Either Mom and Dad ended their twenty-year marriage quietly or they did all their yelling when I wasn't around. The first I knew about it was one day in the middle of August when Mom asked me to meet her for lunch. We sat in a booth in the Bon Marché cafeteria and Mom told me she was moving to Seattle.

I focused on the way she held her cigarette. So casual—elbow out, wrist cocked, a little kiss of lipstick on the filter. I thought back to the picture I'd seen of Mom in her
teens, when her hair was long in what they called a “page boy.” And in my mind I could see her practice holding her cigarette. Stuff like that was important then. I loved my Mom that day as much as I ever did or probably ever will.
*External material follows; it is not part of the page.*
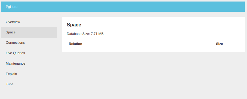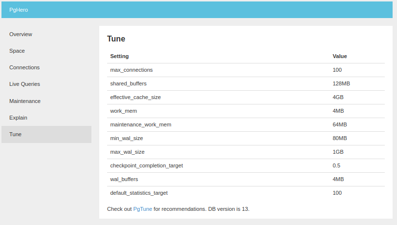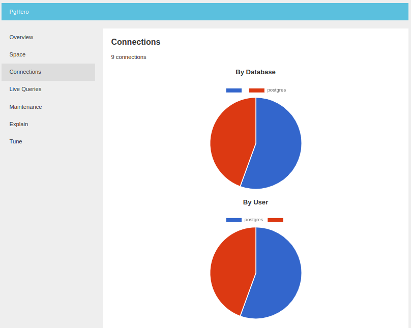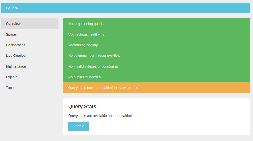 PgHero ofrece un panel navegable para leer las estadísticas de rendimiento, hay una descripción general fácil de interpretar, que brinda el estado de las conexiones, las consultas de larga duración, los índices no válidos, duplicados o sugeridos.

I think I loved her because she suffered so long and still came out of it with a good heart. Maybe I feel guilty for being part of the cause of her suffering and love her to make up for it. Whyever I love her, I don't think it's just because she's my mother.

“Punkin,” Mom said. “I want you to know they broke the mold when they made your father.”

So Mom lives in Seattle with her new husband now. She transferred to the Seattle Bon Marché. We talk more now, even though it's only over the phone. I'll spend a week with her after the season's over. The University of Washington invited me to visit their campus, so I'll do that then, too. Carla doesn't think she'll go along.

IV

It's dinnertime at the hotel
and Elmo, the cook, asks me what it will be. I tell him a wheat-germ burger. Lean beef mixed with wheat germ. He keeps a couple in the fridge for me.

Elmo is a big fan of the semipro football team I played a little for this fall. He thinks I'm crazy to lose all this weight just to get my body thrashed. He wants to see me play college ball, then go to the pros. There's no way. I even got beat up playing my one season of high school ball. I tell him
he's
the crazy one. “Those guys are creatures,” I say. “They'll peel me and eat me!”

The Spokes picked me up as a flanker. I'm pretty fast and I catch the ball. I'm not crazy about getting hit, though. They paid me twenty bucks a game. I was making pretty good money working five nights a week at the hotel and playing ball on Sundays. Otto played, too, but much more seriously than I did. Otto is a real football player. Football's what will get him through college, and unless he gets hurt or something, he'll go with the pros for sure.

Tanneran played guard and Leeland Wain, the David Thompson varsity football coach, played quarterback. I'm
pretty good friends with both Gene and Leeland, considering our age differences.

I had to go out to Rollie's Ribs after the game to pick up the extra tens this gambler friend of Elmo's gave me for each score. Now that it's legal to drink on Sundays, Rollie's really blasts after the games. One night some other friend of Elmo's was drinking or doping or both and decided I was white-assed and chickenshit and that he was going to cut me up and feed me to Rollie's Afghan hound. I thought he described me pretty well and wasn't about to argue. When he started after me with the world's biggest pocketknife, all I could do was stand open-mouthed and greasy-handed. Stuff like that scares me even in the movies and it was twice as scary in real life, especially coming so fast out of a situation where everything had been peaceful and fun. Leeland got up to stop the guy and the guy took a swipe at him. Then Elmo got up and the guy took a swipe at him. Then Tanneran picked up one of those round-bottomed wine bottles they use for candle holders and coldcocked the guy. It wasn't funny. The bottle broke and the guy went down like he was dead. Gene went back to his ribs and Elmo dragged the guy outside. I was grateful to Gene, but since then I've been a little afraid of him. He got so mean so fast, and then he was so normal again. I still like the guy a lot and I admire him, but I'm not too anxious to talk to him about Carla.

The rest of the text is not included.